This idea is particularly poignant considering the historical context in which Ionesco
wrote the play. He was deeply disturbed by the rise of fascism and communism in Europe
and the way people—many of them intellectuals—quickly aligned themselves with
totalitarian regimes. The rhinoceros, then, is a metaphor for how people can become
dehumanized when they stop thinking for themselves and begin to follow ideology
blindly. The play shows that such transformation affects not just beliefs, but the very
essence of who a person is.
The central character, Berenger, represents the individual who resists this wave of
conformity. At the beginning of the play, he seems like an unlikely hero—disheveled,
insecure, and socially disconnected. However, as everyone around him becomes a
rhinoceros, including his love interest Daisy and his friend Jean, Berenger begins to stand
apart. His refusal to join the herd is not based on a grand ideological stance but on a
deeply personal need to remain human. Despite his flaws, he ultimately chooses to hold
onto his identity, crying out, “I’m not capitulating!” at the end. This marks his
transformation from a passive figure to someone who chooses individualism over the
comfort of conformity.
The destruction caused by the rhinoceroses is also telling. They rampage through the
town, causing chaos and even death. This destruction reflects how dangerous collective
ideologies can become when they are followed without question. One of the characters,
Dudard, tries to justify their behavior, suggesting that perhaps their way of life isn’t so
different. This reflects how people often rationalize violence or injustice when it comes
from those in power or from the majority. Through this, Ionesco criticizes the way
society tends to excuse harmful behavior in order to maintain unity or avoid conflict.

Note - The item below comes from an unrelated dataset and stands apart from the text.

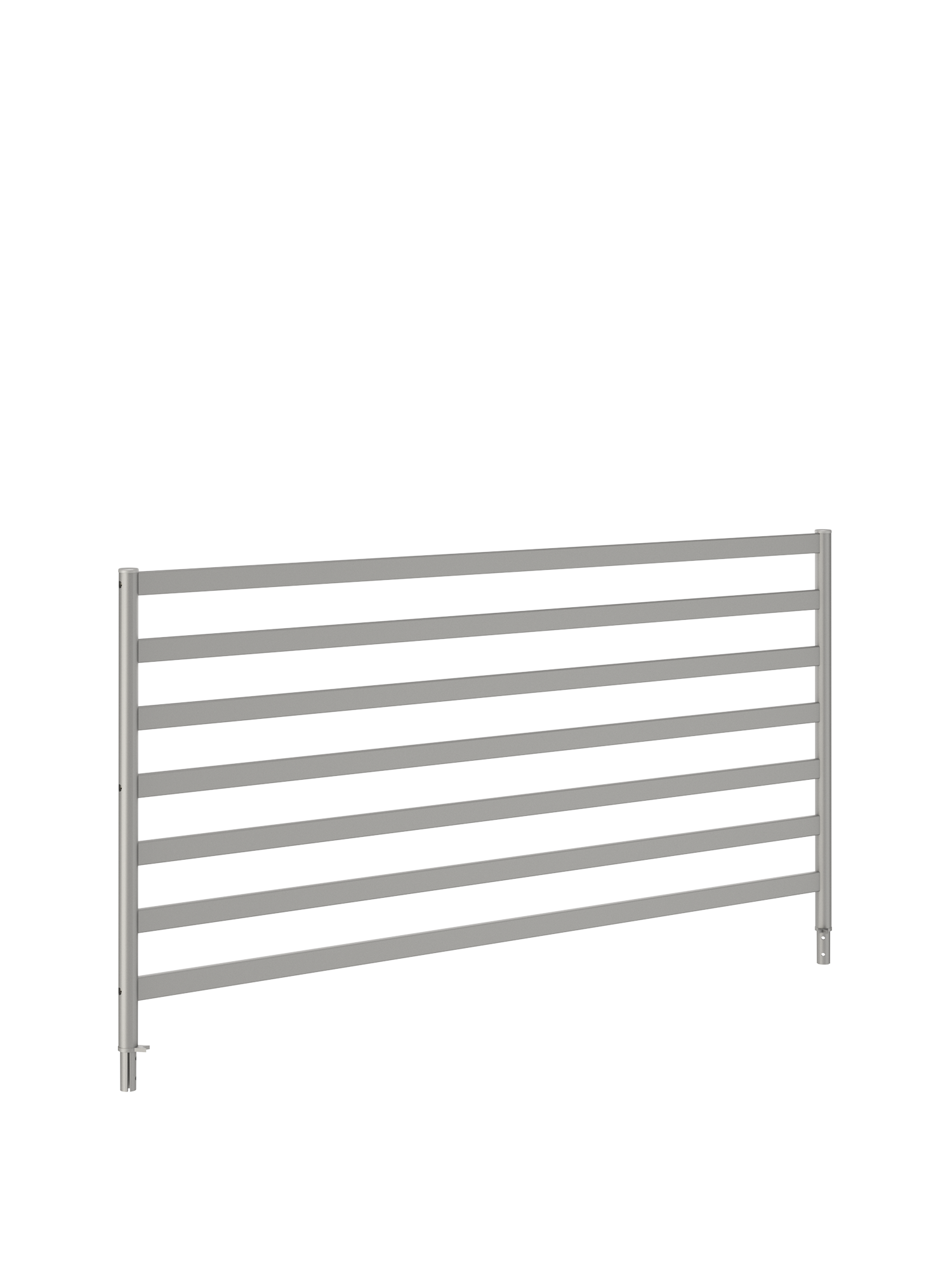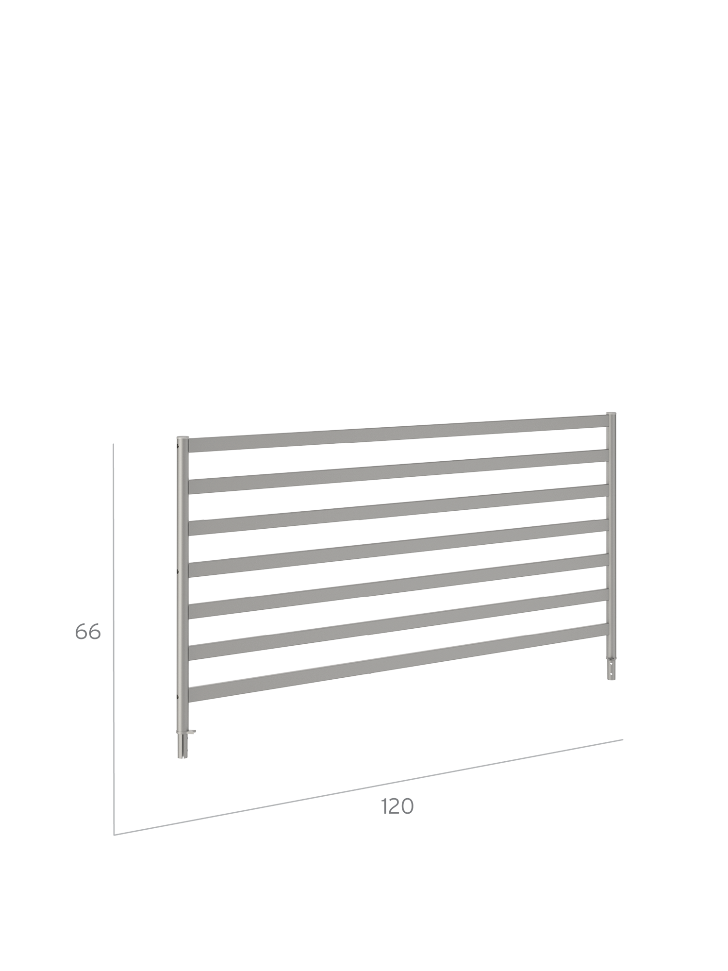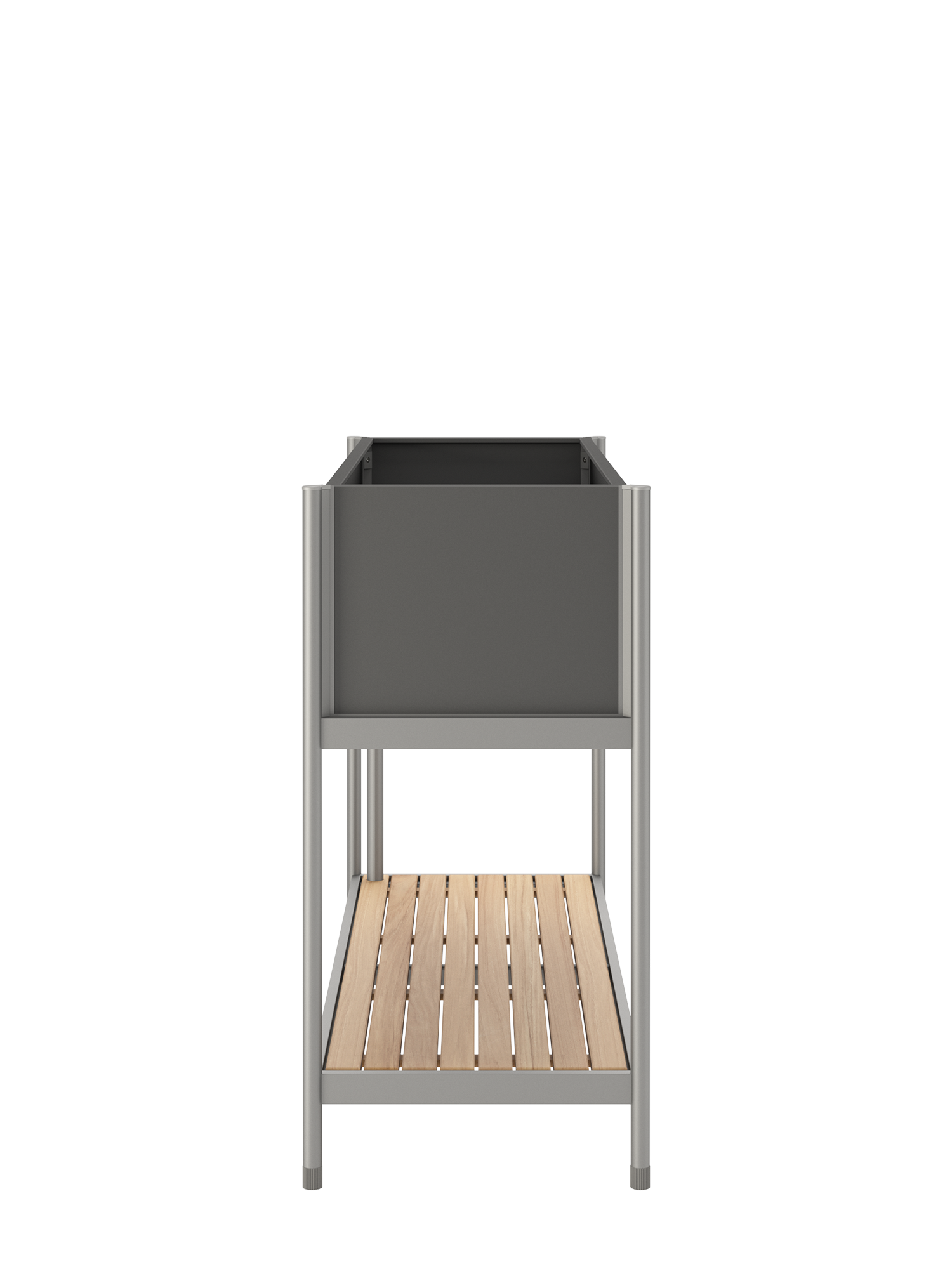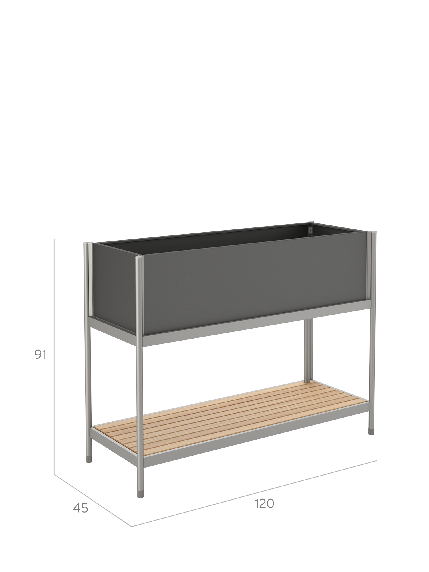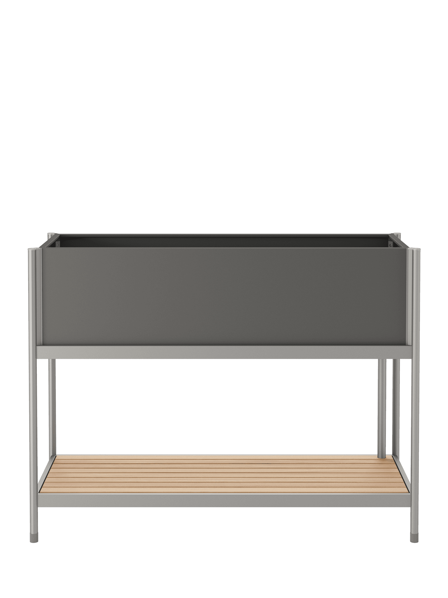 Im Hochbeet aus eloxiertem Aluminium gedeihen frisches Gemüse, Kräuter und Salat auch auf der Terrasse oder dem Balkon. Ein grosser Pflanzkasten aus pulverbeschichtetem Aluminium im Farbton Graphit sorgt für ideale Wachstumsbedingungen. Überschüssiges Wasser leitet ein im Gestell verborgener Auslauf zur Erde. Unter dem Pflanzkübel hält eine praktische Ablage aus Teakleisten Gartenwerkzeuge und Giesskanne griffbereit. Höhenversteller an den Beinen gleichen Unebenheiten im Boden aus. Ein einzeln zu bestellendes Rankgitter unterstützt den Wuchs von Pflanzen, die höher hinauswollen, und eignet sich auch als filigraner Raumteiler. Es wird einfach in die beiden hinteren Holme des Hochbeets gesteckt.

The choice of a rhinoceros, rather than a more traditionally symbolic animal like a wolf or
lion, adds a layer of absurdity that is central to the play’s message. The idea of people
turning into giant, horned beasts is ridiculous, but that absurdity highlights how illogical
and surreal real-life conformity can feel. Ionesco uses humor and strangeness to force the
audience to see familiar social patterns in a new and unsettling way. The rhinoceros is
funny and terrifying at the same time—a perfect image of how mass movements can strip
people of their humanity while seeming oddly normal.
What makes the title even more effective is its universality. The play takes place in a non-
specific town with no defined culture or nation, which makes the rhinoceros a symbol that
applies across societies. The title suggests that the dangers of conformity and
authoritarianism are not confined to one place or time—they are ever-present and can
appear anywhere. Ionesco implies that anyone, anywhere, can become a rhinoceros under
the right conditions, making the metaphor all the more chilling.
The simplicity of the title Rhinoceros also mirrors the overwhelming force of the
transformation in the play. Once the change begins, it dominates everything, leaving little
room for nuance or complexity. The rhinoceros becomes a totalizing force, just like the
ideologies it represents. The fact that the play is named after this creature shows how
central this metaphor is to the story’s meaning. It is a warning, a symbol, and a summary
of the play’s core theme: that the greatest threat to humanity may be the urge to stop
thinking and start following.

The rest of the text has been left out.